What happened to Lebanon’s most popular rock star?
On a fine February afternoon at the Café Nicola in Lisbon my Lebanese friend sipped his wine, turned to me and explained the meaning behind the glittering “Turkish model” of the early days of the Arab Spring in 2011: “[Turkey is a model] because anyone who stands against Israel is a friend of Arabs.”
Then he added: “But that thinking has only built temporary alliances, which [later] easily turned into longer-term hostilities among the Arabs.” Not only among the Arabs, apparently.
In July 2010, Prime Minister Recep Tayyip Erdoğan called Hezbollah’s leader, Hassan Nasrallah, when Shiite spiritual leader Ayatollah Mohammad Hussein Fadlallah – who, according to his followers, was “a wise man and outstanding fighter who stood bravely against the Zionist enemy” – died. Having accepted Mr. Erdoğan’s condolences, Mr Nasrallah thanked the prime minister “for his stance regarding the Palestinian cause.”
In November 2010, Mr. Erdoğan said Turkey would not remain silent in the event of an Israeli attack on Lebanon or the Gaza Strip. Speaking in Beirut, where he was greeted “like a rock star,” Mr. Erdoğan also said Hezbollah was not involved in the assassination of Lebanese Prime Minister Rafik Hariri. How did he know? He did not. He only thought that it would not be nice if anti-Zionist Muslim brothers were murderers.
In those days, Mr. Nasrallah, after meeting with Mr. Erdoğan, spoke of “the spirit of resistance in Lebanon,” which Iran’s Supreme Leader Ali Khamenei said “would live as long as Zionists continue to exist.” And in June 2010, Mr. Erdoğan invited Mr. Nasrallah to Turkey, “on the recommendation of Hamas’s political bureau chief, Khalid Mashal,” when Iranian President Mahmoud Ahmedinejad spoke of “the possibility of an Iranian-Turkish-Syrian alliance with Hamas and Hezbollah.”
In August 2012, Mr. Ahmedinejad said “confronting Zionists will… pave the way for saving the whole world from exploitation, depravity and misery.” The Iranian president called Israel a “cancerous tumor,” and said “there [was] no place for the Jewish state in a future Middle East.”
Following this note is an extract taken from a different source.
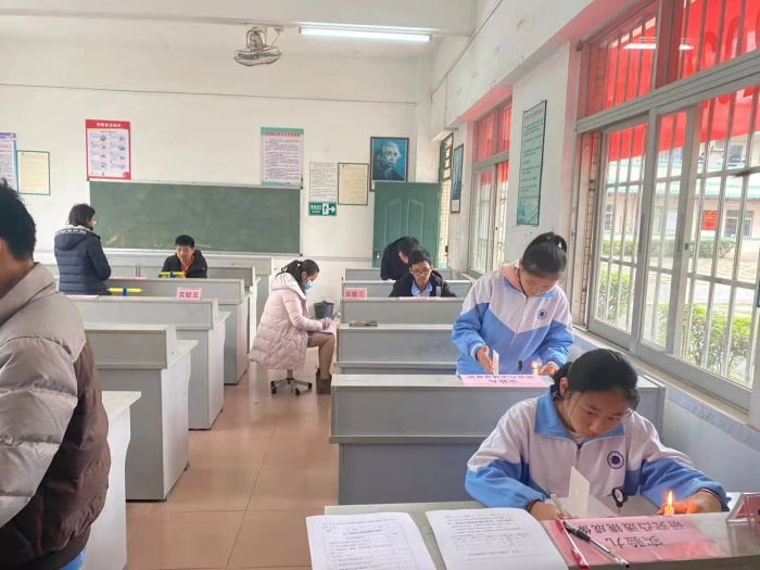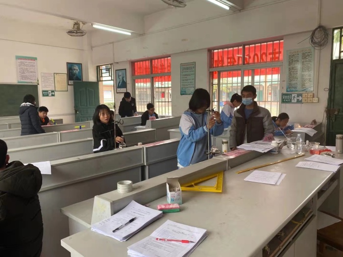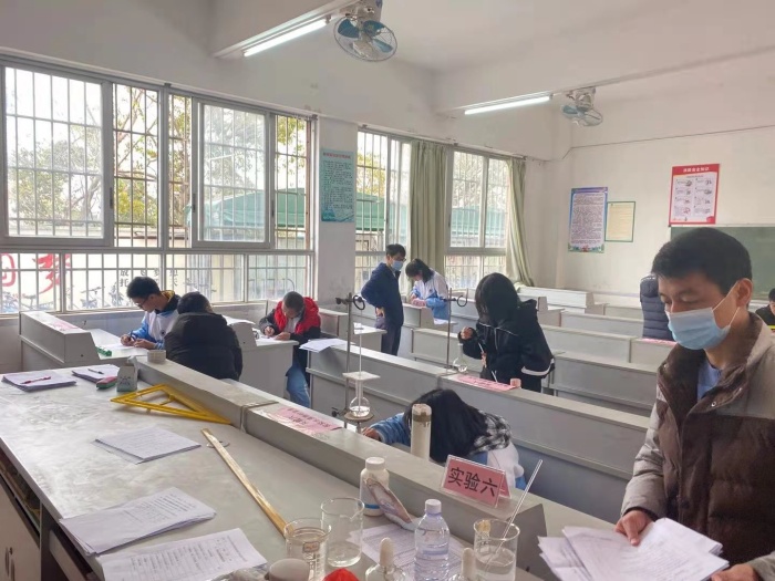 為準備此次物理實驗考核,在實驗操作考核前一個月,教導主任韋紹祖對物理實驗操作考核的物理教師,考務員專門召開會議,作出了工作步署。理綜組組長范修益老師組織全校物理教師,從九道實驗題中選出六道實驗操作考核題,討論并制定了實驗操作考核的具體方案。考核前,積極訓練各班學生熟悉實驗考核流程,規范學生考試紀律;認真布置實驗操作考場,在考場懸掛橫幅,黑板上書寫“實驗操作考核須知”;實驗臺貼“實驗標簽”(實驗序號、名稱),便于學生對號入座。為讓考生準確掌握時間,每個考室還準備一個鐘表計時。

In August 2012, Turkey is in a not-so-cold war with Syria and in quite cold wars with Iran and Iraq.
Lebanon? Oh, yes, in August 2012, Ankara issued a travel warning advising Turkish citizens against all non-essential travel to Lebanon after two Turkish nationals were kidnapped by a Lebanese clan. A statement from the Foreign Ministry said that “the situation in Lebanon is taking a course that threatens the security of our citizens.”
The kidnappings are believed to have been in retaliation for the kidnapping of 11 Lebanese pilgrims in Syria. Possibly risking raising always-too-confident Foreign Minister Ahmet Davutoglu’s eyebrows, Turkey’s Ambassador to Beirut, Inan Ozyıldız, acknowledged that “Turkey did not have the means to secure the release of the kidnapped Lebanese.”
It was not long ago that Mr. Erdoğan was loudly boasting about visa-free travel for Turkish citizens to Iran, Syria and Lebanon. True, there are no visa restrictions, but one border is closed due to war, the other is not really a welcoming destination for Turks, and the last is not safe for Turks to travel to.
True love tends to forget? I still recall what my Lebanese friend told me in Lisbon: “The Lebanese tend to forget their identities because Nasrallah speaks of unity… unity against Israel.” What a pity that with the Arabs (and Persians and Turks) it’s never unity for something, but unity against.
Perhaps I must repeat a line I wrote in this column seven months ago: “Simple populism based on ‘Zionist-bashing’ is too weak a bond to keep Muslim solidarity up and running.” (“Turkish belly-dancing to Persian santouri,” Jan. 11, 2012)
How sad that in this part of the world, even brotherhoods based on unity against something fail to last longer than a couple of years.